Da Ven sort of vented about the Canadians going hooligan after losing to Boston in some hockey game. He should never want to be a soccer fan in Europe.

I saw a game live.... once. In Berlin. In the stadium Hitler had built for the '33 Olympics. It was so impressive, architecturally. Intimidating and skeery. The home team lost, but there was camaderie, but that was 'back then'. And all I could think was, 'so this is where Jesse Owens humiliated Hitler.'

What later developed wasn't so interesting, and more annoying. Riots. Hooligans, who currently get a huge police presence when they arrive and accompany them to the stadium... which had an interim re-naming to the Arnold Scharzenegger Stadium and after he pissed off the city officials, got re-named to the original Liebenauer Stadium. Long story.

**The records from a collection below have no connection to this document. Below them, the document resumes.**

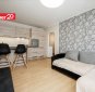 Korteri sisustuse hulka kuulub reklaamfotodel olev mööbel.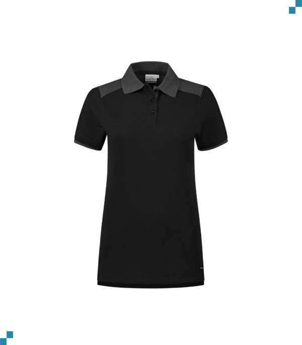 Poloshirt, 60% katoen / 40% polyester, 210 gr/m², piqué, ladies fit, polo- ribkraag, 3-knoopsluiting, splitjes in zijnaad, verlengd achterpand. Kraag, schouderpaneel en mouwzoom in contrast kleur. Brandlabel op onderzijde.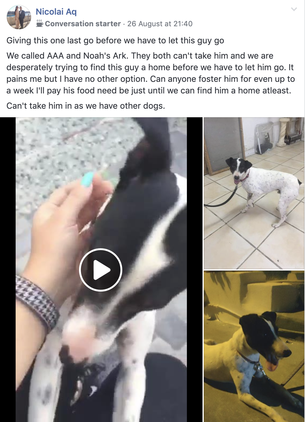 The last plea posted on Facebook on Monday evening seeking a shelter for Freddie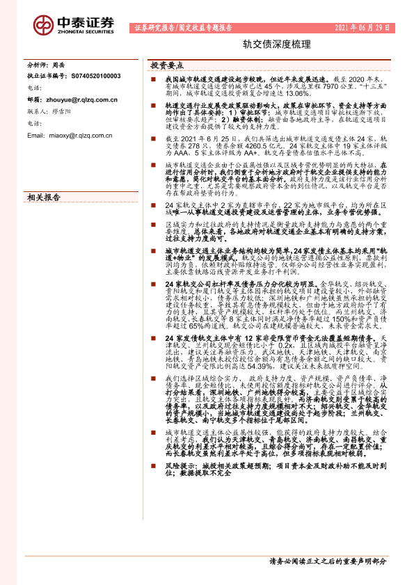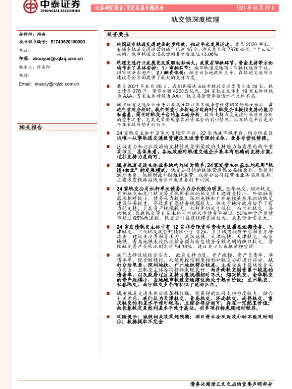 【中泰证券】【20210629】轨交债深度梳理-27页
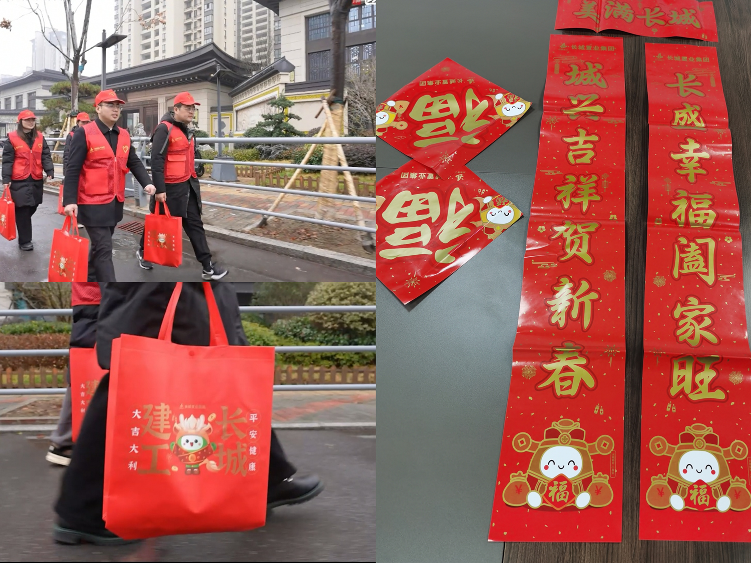 春联寄予着人们对新年生活的美好期盼,在春节来临前,公司志愿者们为过年无法回家的小区业主上门贴春联,为他们送上长城置业专属新年祝福:“长盛幸福阖家旺,城兴吉祥贺新春!”让“美好长城”的暖心祝福陪伴新年还在外坚守工作岗位的业主平安过节。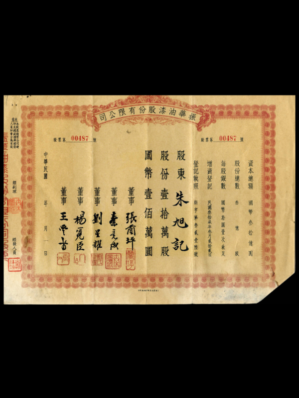 名称:股票 发行机构:振华油漆股份有限公司 面额:100万元 股份:10万股 发行时间:未填写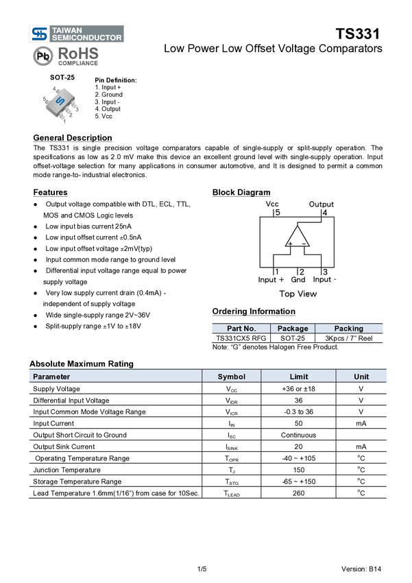 Układ scalony liniowy - komparator Taiwan Semiconductor TS331CX5 RFG SOT-23-5 taśma na dużej rolce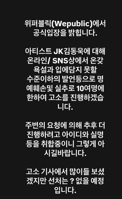 JK김동욱은 12일 자신의 계정을 통해 소속사 공식입장을 함께 전했다. 그는 "아티스트 JK김동욱에 대해 온라인상에서 온갖 욕설과 입에 담지 못할 수준 이하의 발언 등으로 명예훼손 및 실추를 한 10여 명에 한해 고소를 진행하겠다"고 밝혔다.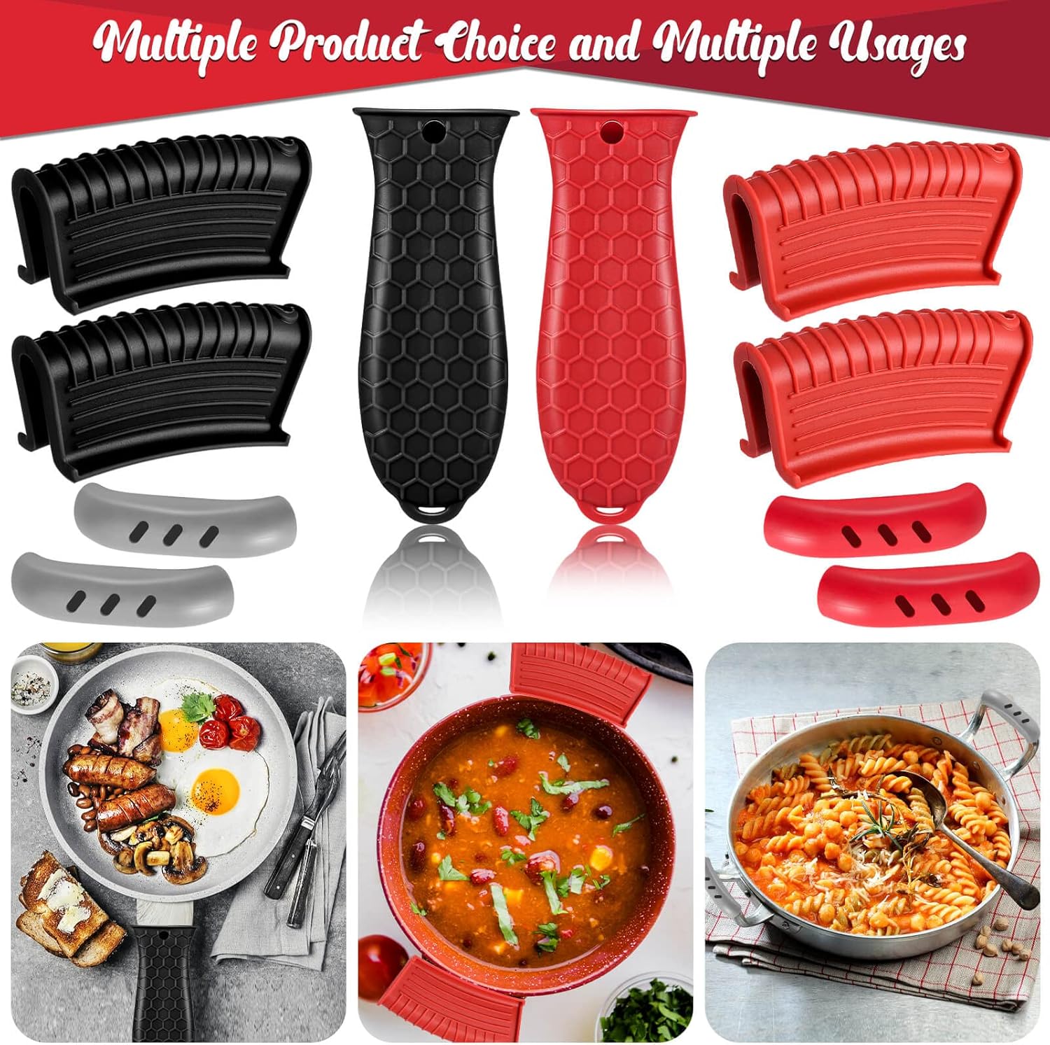 8 Pcs Cast Iron Handle Cover, Silicone Hot Handle Holder, Heat Resistant Cast Iron Skillet Covers Potholder for Frying Pans and Griddles Kitchen Supplies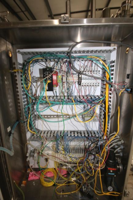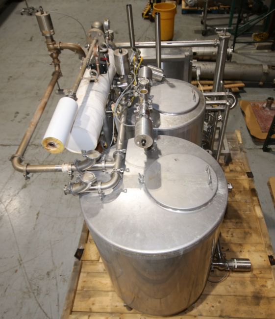 2011 Skid Mounted 2-Tank S/S CIP System, with Aprox. 230 Gal. or 48" H x 38" W Tank, 140 Gal. or 46" H x 30" W Tank, 50" L x 8" W S/S Shell & Tube Heat Exchanger, Anderson In-Line Flow Meter with Read-Out, 10 hp / 3525 rpm Centrifugal Pump, (8) Alfa Laval S/S Air Valves, Check Valves, Pneumatic Ball Valves, In-Line Filter, Level Sensors, Pressure Sensors, On-Board Control Panel with Allen Bradley Panelview 1000 Display & Solenoid Valves, (CIP Overall Diam. 112" L x 80" W x 93" H), (W552) (Rigging & Loading Fee $300.00) (Located in Pittsburgh, PA)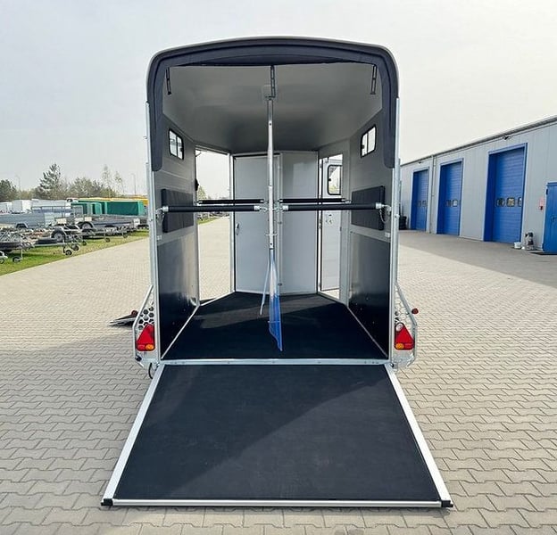 📧 E-mail: contact@valta-trailers.com 📱 Téléphone: +33 7 80 93 44 95 Remorque robuste et spacieuse pour deux grands chevaux (1,70 m et +), équipée d’une rampe avant, d’une sellerie intégrée, d’une coque polyester renforcée, et d’un plancher aluminium de 25 mm. Elle offre confort, sécurité et praticité pour les cavaliers exigeants. La Touring Country XL de Cheval Liberté est conçue pour le transport de deux chevaux de grande taille dans un environnement confortable, bien ventilé et sécurisé. Elle est équipée d’un pont avant large avec hayon et fenêtre, d’une sellerie fonctionnelle, d’une suspension Pullman 2 pour une excellente tenue de route, et de matériaux durables comme l’aluminium et le polyester renforcé. Principaux équipements de série : Suspension Pullman II (ressorts, amortisseurs) pour une conduite souple et stable Rampe avant large (1,10 m) avec hayon et fenêtre pour un déchargement fluide Coque monobloc en polyester aérodynamique et toit renforcé Plancher en aluminium 25 mm d’épaisseur, recouvert d’un tapis caoutchouc 8 mm Parois latérales en aluminium de 18 mm Pont/porte arrière avec bâche à enrouleur automatique Porte latérale cavalier avec fenêtre Système antipanique sur les barres avant et arrière Sellerie intégrée avec espace pour deux selles 4 barres réglables (hauteur et longueur) pour adapter l’espace à des chevaux de 1,70 m et plus Séparation centrale articulée avec grille de tête et plaque ABS occultante amovible Pare-bottes composites et coussins latéraux pour plus de confort 4 fenêtres coulissantes avec déflecteurs à l’avant pour une ventilation optimale Éclairage intérieur avec interrupteur Cadre arrière en aluminium, ouvert latéralement Roues 185/65 R14 sur 2 essieux freinés Kliny – 2 cales de stationnement fournies Certificat d’homologation CE, garantie constructeur 2 ans, service après-vente et livraison possibles Dimensions extérieures : Longueur : 4,97 m Largeur : 2,28 m Hauteur : 2,72 m Dimensions intérieures : Longueur : 3,69 m Largeur : 1,79 m Hauteur : 2,40 m Poids : Poids à vide : 935 kg PTAC : 2600 kg Charge utile maximale : 1665 kg.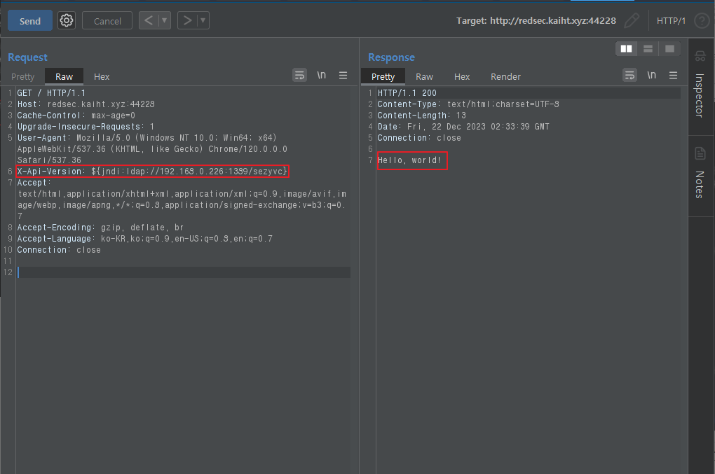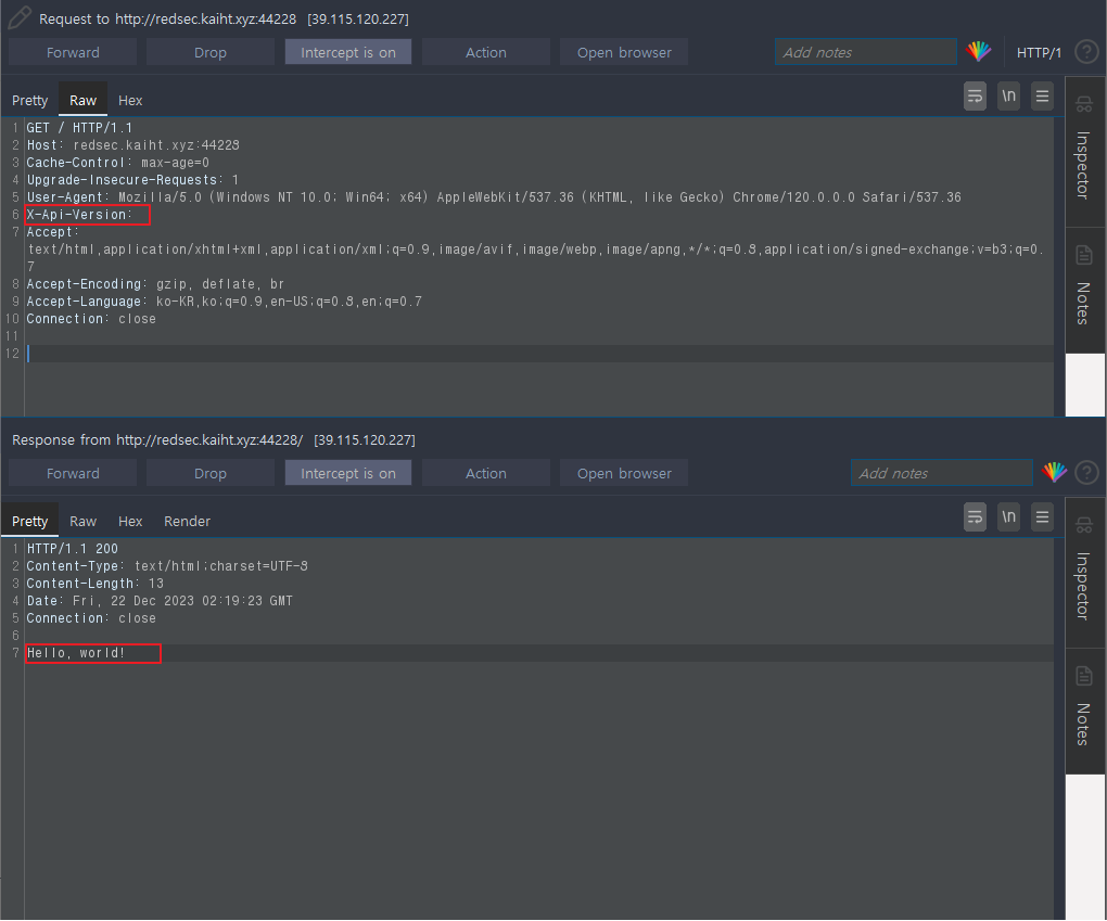 3. 페이지 접근 시 요청 패킷 헤더 내 'X-Api-Version' 을 입력하여 공격대상 서버에 전달 시, 서버에서 'Hello, world!' 라는 문자열을 서버 반응 값으로 응답하는 것에 대한 확인이 가능하다.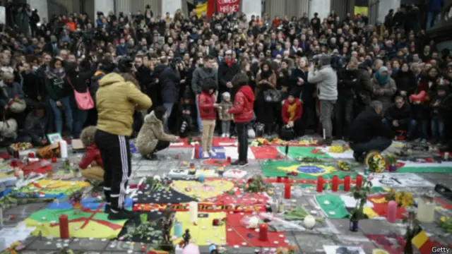 Brüksel merkezinde borsa binası önünde toplanan çok sayıda kişi, kaldırımlara dayanışma mesajları yazdı, ölenler anısına mumlar ve çiçekler bıraktı.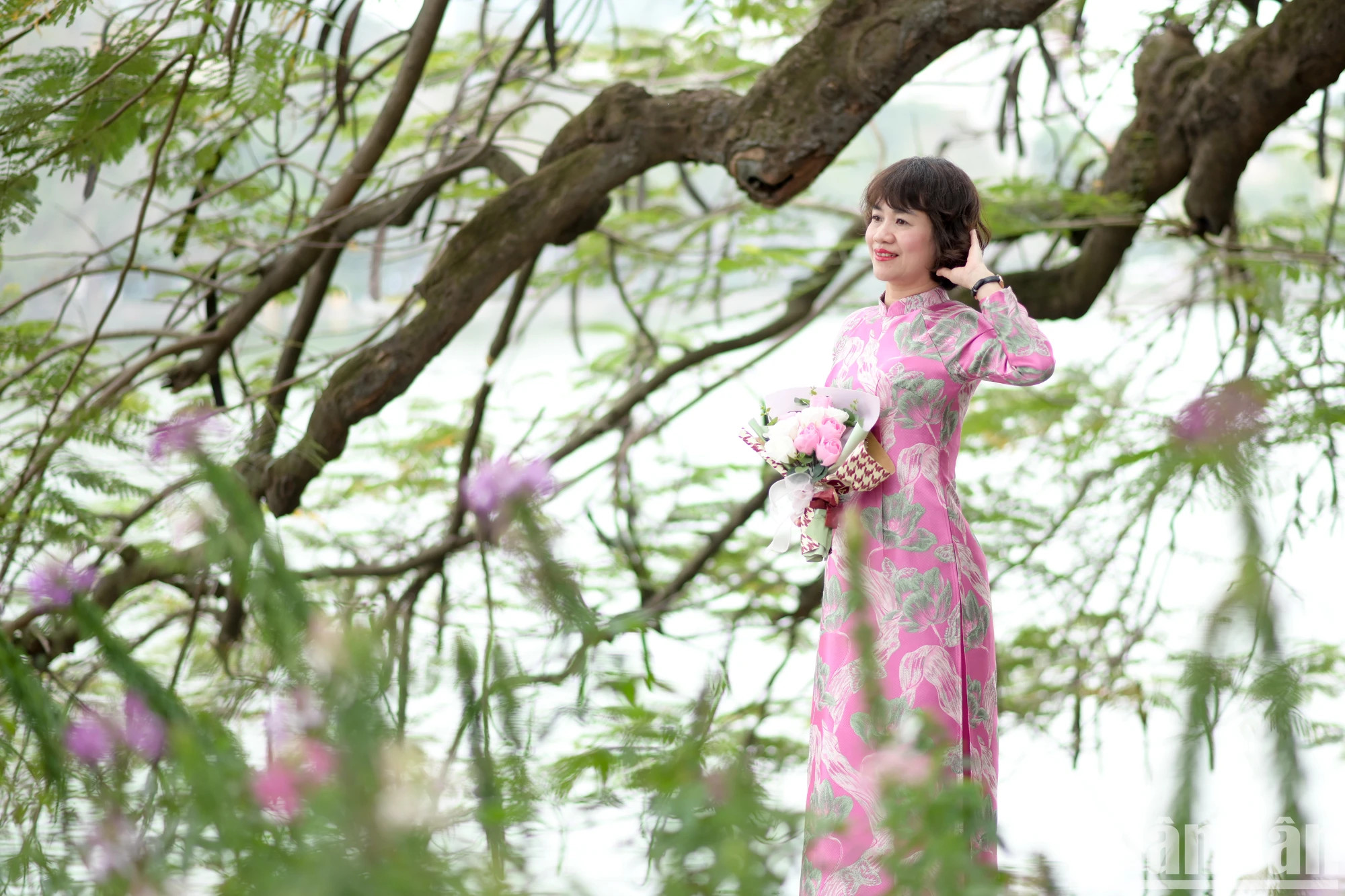 | 《人民报》女记者身着优雅的越南奥黛。 |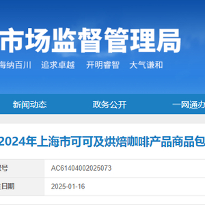 近期,上海市市场监督管理局对本市可可及烘焙咖啡产品进行了商品包装监督抽查。本次抽查了25批次产品,经检验,1批次不合格。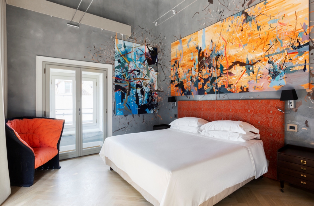 Un vero e proprio art hotel in cui si può ammirare una coinvolgente successione di dipinti, con il meglio dell’arte contemporanea italiana e anche con importanti testimonianze della scena artistica internazionale, come il cinese Liu Bolin, il fotografo e pittore Julian Lennon, il fotografo Szymon Brodziak, la coppia di artisti russi Dubossarsky & Vinogradov, l’artista argentina Nina Surel, lo spagnolo Felipe Cardeña, celebre per i suoi pattern floreali e i suoi quadri di stoffe multietniche, la giapponese neo-pop Tomoko Nagao, fino ad alcuni tra i più interessanti esponenti della pittura contemporanea uruguayana e sudamericana, come Vicky Barranguet, Eduardo Cardozo, Fernando López Lage e Rita Fischer.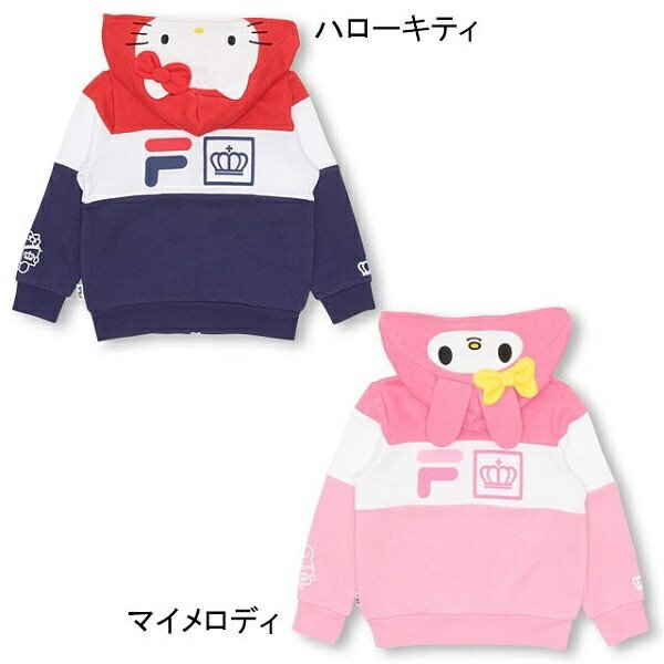 /スポーツブランドFILAとサンリオとの限定コラボジップパーカー!/かぶるだけでキャラに変身できるフード付き!/袖もとでちょこんと読書中のキャラプリントもキュート◎/大好きなキティちゃん&マイメロディにかわいく変身しちゃお♪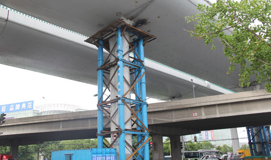 上海中環(huán)滬太路事故路段采用江蘇飛耀PLC液壓同步頂升系統(tǒng)橋梁同步頂升復(fù)位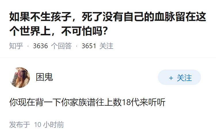 如果不生孩子,死了没有自己的血脉留在这个世界上,不可怕吗?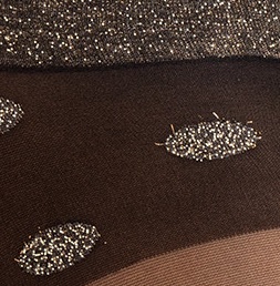 Caurspīdīgas zeķes īpašiem gadījumiem ar spīdīgu augšdaļu un pon doti ap augšstilbiem. Raksta krāsu shēma ir ļoti oriģināla kombinācija no sudrabaini melange un zelta lurex. Ļaujiet šīm šikajām zeķēm palīdzēt izgaismot jūsu svarīgās mirkļus.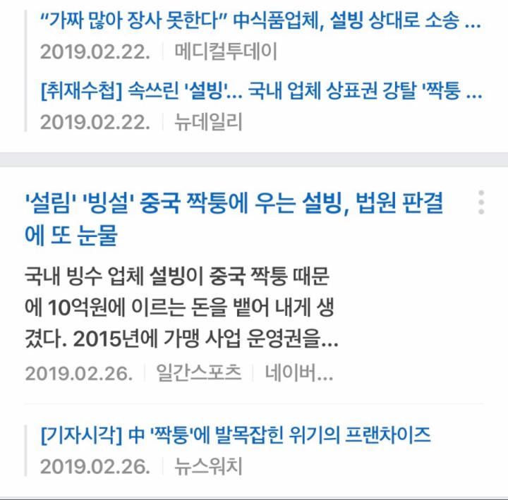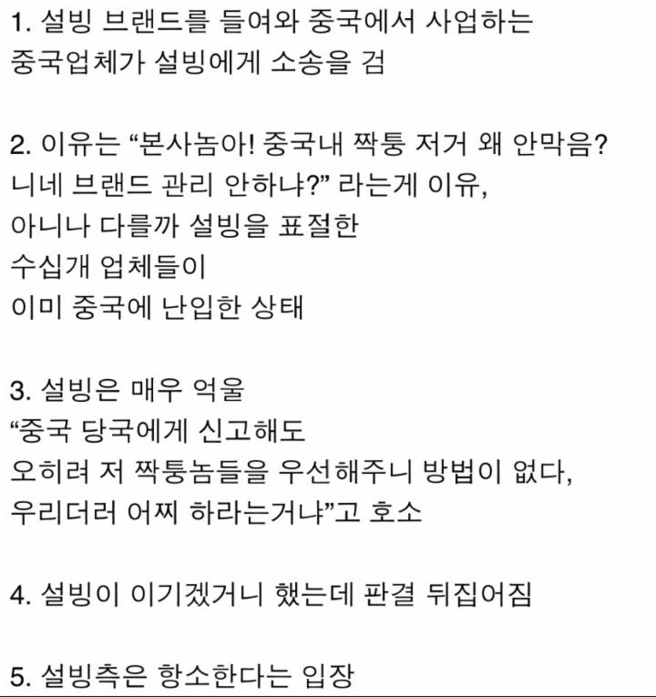 중국에 10억 물어주게 생긴 설빙 설빙 브랜드를 들여와 중국에서 사업하는 중국 업체가 설빙에게 소송을 걸어 논란이 되고 있다. 소송된 이유는 설빙의 짝퉁 브랜드들을 막지 못해 손해를 입었다는 것이다.

I took a trip to Rome in the late Seventies. It was the one city I disliked on sight. Athens fascinated me, and I fell in love. Rome? I hated it. So I jumped ship after having spent one morning in the Vatican museums, which were way too much to absorb, and fled to Salerno, only because I'd read it was on the sea, and knew that a very bloody WWII battle was fought there. It was a pure vacation place, steep mountains falling to the strip of the city, a long strip of promenade, with the most amazing acts on it... the local version of Punch and Judy, which originated there during the time of Comedia dell'arte, and it was full of vacationing Italians, so I got a brush up on my speaking skills. Took day trips to Pompeii, and Amalfi. Unforgettable, and just what I needed to relax and fill my head with knowledge.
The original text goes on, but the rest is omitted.